Even in our messiest moments, we can hold onto a profound promise. The Lord is not a God who abandons His projects. He initiated a work of grace in your life, and His character is one of perfect faithfulness. He is committed to carrying that work through to its glorious completion, regardless of the obstacles or our own failures. This is a truth that can anchor your soul in any storm. [04:32]
Being confident of this very thing, that he which hath begun a good work in you will perform it until the day of Jesus Christ. (Philippians 1:6, KJV)
Reflection: Where in your current season of life do you need to be reminded that God is still faithfully at work, even if you can't see the progress? What would it look like to release your anxiety about that area to His capable hands?
We can spend much of our energy running from God, trying to manage life on our own terms. This path often leads to a place of exhaustion, despair, or being trapped by circumstances beyond our control. It is at this very end of ourselves that we find a divine invitation. God meets us in our brokenness, not to condemn, but to offer a way out through surrender to His loving authority. [11:23]
The Lord will fight for you; you need only to be still. (Exodus 14:14, NIV)
Reflection: What is one situation you have been trying to control or fight through in your own strength? What practical step could you take this week to consciously "be still" and acknowledge God's sovereignty over it?

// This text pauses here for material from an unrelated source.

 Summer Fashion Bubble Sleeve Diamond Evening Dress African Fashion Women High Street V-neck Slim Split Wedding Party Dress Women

A comfortable, nominal faith is something God takes seriously. He calls us to a passionate, all-in relationship, not a casual affiliation that we forget about during the week. He sees the pretense of self-sufficiency that masks a deep spiritual poverty. His corrective love invites us into a genuine, fervent faith that is refined by trial and marked by sincere repentance. [13:12]

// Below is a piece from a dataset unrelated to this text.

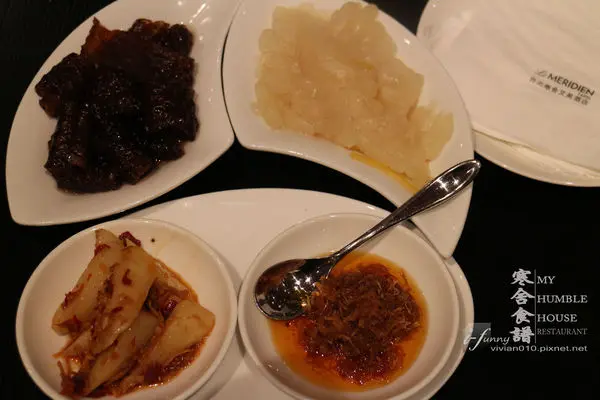 開胃小菜有四種,由左上順時針依序為涼拌魚皮,涼拌苦瓜、XO醬、醃製薑片。

I know your deeds, that you are neither cold nor hot. I wish you were either one or the other! So, because you are lukewarm—neither hot nor cold—I am about to spit you out of my mouth. (Revelation 3:15-16, NIV)
Reflection: In what area of your walk with God have you settled for being "lukewarm"? What would it look like to move toward being "hot"—fully engaged and passionate for Him in that specific area?
The offer of the gospel is profoundly personal and available. Christ does not force His way in; He patiently knocks, waiting for an invitation. This is an offer of companionship and shared life, not of distant rule. To open the door is to welcome His presence into the everyday moments, to commune with Him, and to find our ultimate victory in His overcoming power. [14:57]
Here I am! I stand at the door and knock. If anyone hears my voice and opens the door, I will come in and eat with that person, and they with me. (Revelation 3:20, NIV)
Reflection: What might Jesus be gently knocking on the door of your heart about today? Is there a part of your life you have kept closed off from His presence and fellowship?
Looking back on our lives, we may see seasons where it seemed God was absent. The path may have felt lonely and overwhelming. Yet the truth of His promise is that He never leaves us. During those most difficult times, when we could not take another step on our own, He was closest. He lovingly carried us, ensuring we would not be destroyed by the trials we faced. [35:16]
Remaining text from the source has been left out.